**About this task:**
Hand back every line from the beginning of the data below through the line containing "Vintage King size", word for word and free of pictures.

**Input:**
# # # # # # #

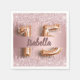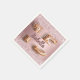 En napkin för en girig och glamorös Quinceañera, 15:e födelsedagsfesten. En dammig ro, rosa faux metallic tittar bakgrund med faux glitter droppar, färgdroppstift. Anpassa och lägg till ett namn. Namn är skrivet i mörk damstig ro med ett modernt handskript i stil. Nummer 15 skrivs med ett stil-teckensnitt med ballong.
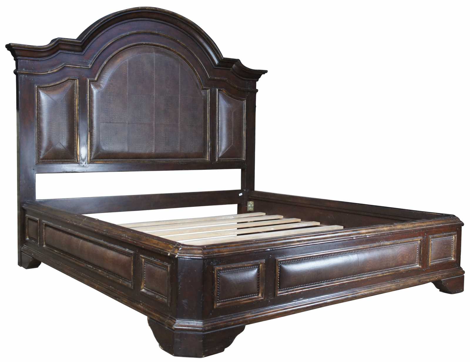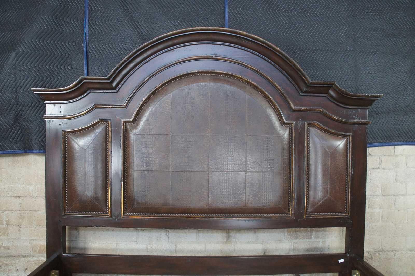 Vintage King size Marge Carson Georgia Bed in Antique Chestnut finish with high-grade Italian leather, detailed hand carvings with gold accent, domed crown molding, and oversized legs. Leather features engraved crocodile pattern surrounded with brass nailheads.
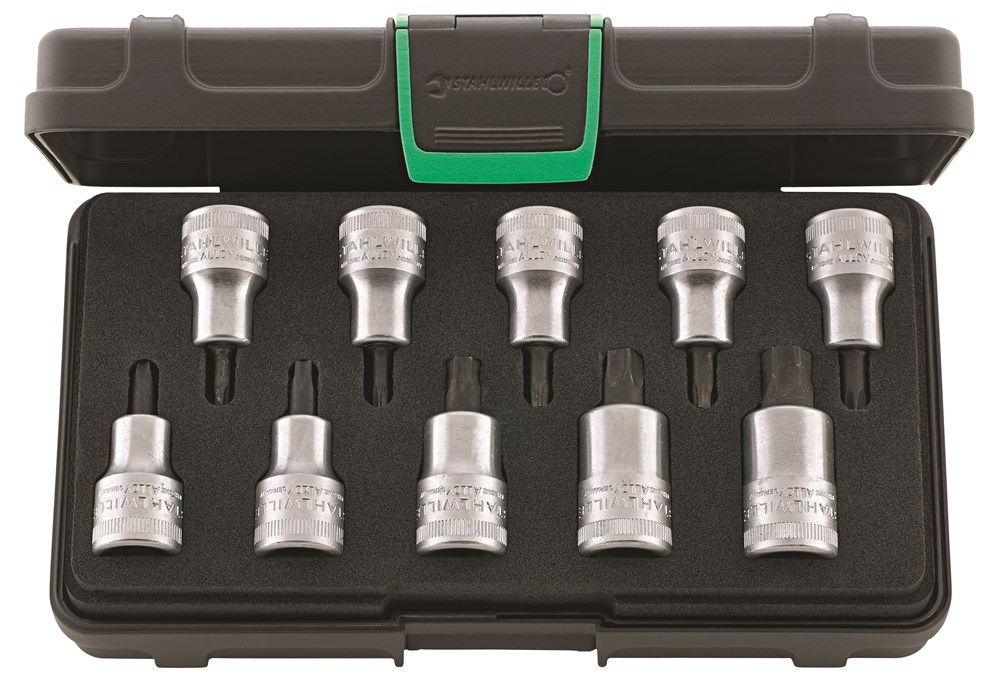 In kunststoffen doos, 10-delig, voor inwendige TORX®-bouten, inhoud: 10 doppen nr. 54TX: T20; T25; T27; T30; T40 (2x); T45; T50; T55; T60.
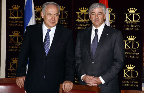 Canada’s Minister of Foreign Affairs Lawrence Cannon (right) meets with Israeli Prime Minister Benjamin Netanyahu in March 2009. (AFP)
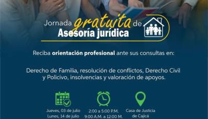 La Secretaría de Gobierno y Participación Ciudadana, con el apoyo del Ministerio de Trabajo y sus Inspectores de Trabajo, invita a una jornada gratuita de asesoría laboral. Si usted es empresario, empleado o habitante de Cajicá, esta jornada es para usted.Tendrá orientación personalizada y asesoría legal sin costo. Fecha: 7…
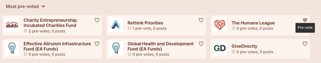 If you had a Forum account as of 22 October 2023,[8] you can already start pre-voting for candidates you’re likely to vote for (pre-votes are anonymous, don’t turn into real votes, and you can change them at any time). Pre-voting will change the default ordering of candidates on the Giving Portal and will show other people which candidates are likely to be popular — which can prompt useful discussions and surface important disagreements.
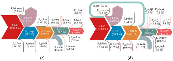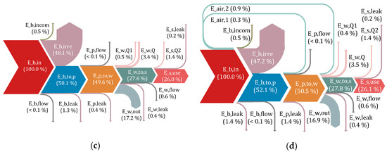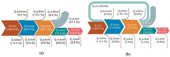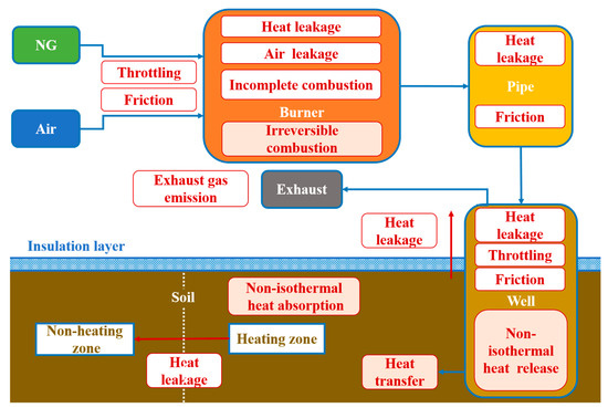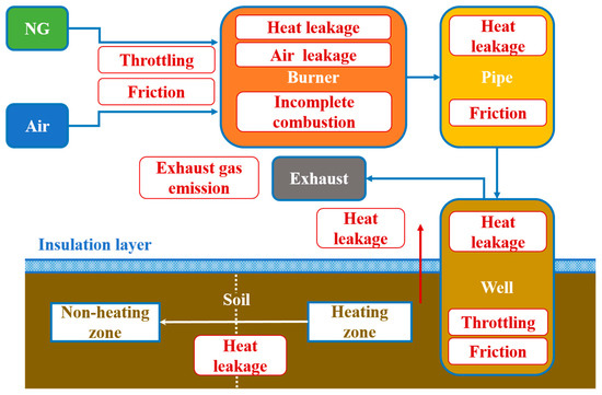 The balance models are based on energy loss and exergy loss of each component in the process of energy flow and exergy flow. Figure 5 shows the energy loss of each component of the polluted-soil thermal remediation system. At the beginning of the energy flow throughout the system, the natural gas (NG) and air carry energy through their respective pipes into the burner. When the gas flows through the pipeline, there are throttling and friction process in the flow, which cause an energy loss. Throttling is a local flow loss, while friction is a path loss of flow. In reality, as long as there is flow in the pipeline, there will be flow loss, and as long as there is a pipe with fluid exposed to the environment, there will be heat leakage loss.

# # # # # # #

**Solved problem:**
 En napkin för en girig och glamorös Quinceañera, 15:e födelsedagsfesten. En dammig ro, rosa faux metallic tittar bakgrund med faux glitter droppar, färgdroppstift. Anpassa och lägg till ett namn. Namn är skrivet i mörk damstig ro med ett modernt handskript i stil. Nummer 15 skrivs med ett stil-teckensnitt med ballong.
 Vintage King size Marge Carson Georgia Bed in Antique Chestnut finish with high-grade Italian leather, detailed hand carvings with gold accent, domed crown molding, and oversized legs. Leather features engraved crocodile pattern surrounded with brass nailheads.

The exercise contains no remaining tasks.